躲过那些护卫后,他又在京畿几条车马纵横的道上来回穿梭了几遍,确保衣衫上的迷香都混乱后,才寻了白府名下的酒楼,一头钻入地窖,迎头浇了一坛酒消解香气。
方才在白府时受林啸体内王虫的影响,他体内蛰伏沉睡了几年的蛊虫又蠢蠢欲动起来,他强行压下了蛊虫的躁动,才没叫林啸当场认出自己。
可这样鲁莽的后果,就是潜鱼发觉,自己的隐疾又犯了。
头痛欲裂,痛得像有人拿着凿子一钉一钉地凿入他的脑髓。
蛊虫疯狂地在体内挣扎,潜鱼用尽最后一分力气压住了它们的异动,脚步踉跄,他勉强支撑到目光看到虞惊霜那熟悉的小院落时,终于松了一口气,放心地一头栽倒过去。
……
等再悠悠转醒,外面刚刚入夜。
潜鱼动了动僵硬的手脚,发觉自己身上正盖着薄被,斗笠端端正正的放在一边。
“!”
他惊出一身冷汗,紧张地去摸自己的脸,没有强行催动蛊虫,他的脸早已恢复了原状,如果……如果惊霜发觉了斗笠下的面容是他……

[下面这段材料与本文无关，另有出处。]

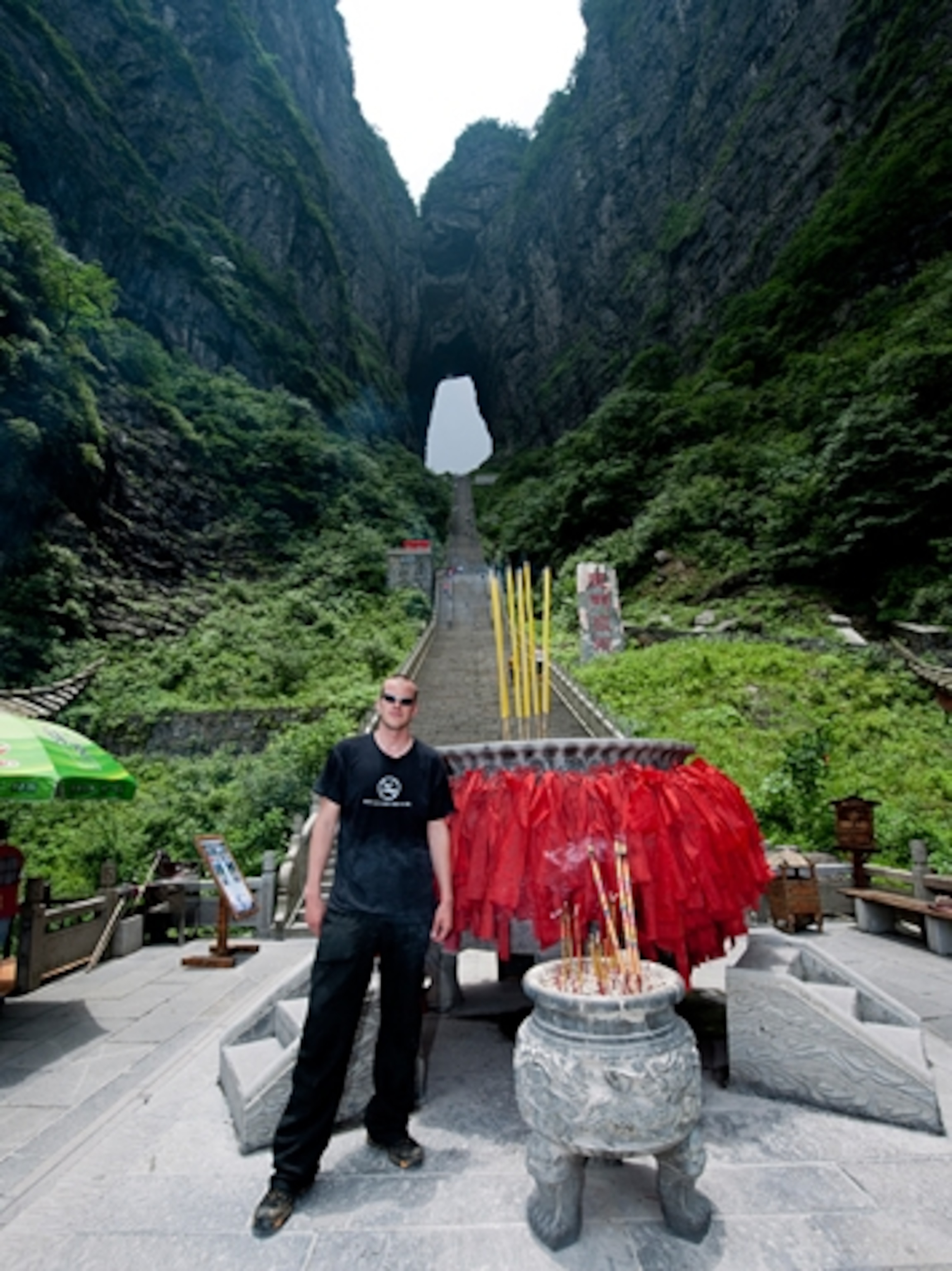 On Saturday (which works out to be 1 am EST on Friday) Jeb will jump from a helicopter hovering at around 6,000 feet and fly through a cave located on top of Tianmen Mountain in the Hunan Province, China (photo above). He will continue his flight through a narrow gorge over staircases covered with spectators for about a mile until he can finally open his parachute.

潜鱼心若雷击,顾不得许多,挣扎着下地就去寻屋里的铜镜,扑到镜前——幸好幸好,布巾还好好的一圈圈缠在他脸上,只露出一双眉眼。
漆黑的眼睫、微微闪动的眸子,很淡、很淡的一缕红痕自眼下斜飞——传闻中,这是多情又薄幸的郎君所有。
潜鱼愣愣的与铜镜中的自己对视,他很久都没有见过自己原本的脸了。
那样一张被惊霜厌恶的脸,又有什么留存的必要呢?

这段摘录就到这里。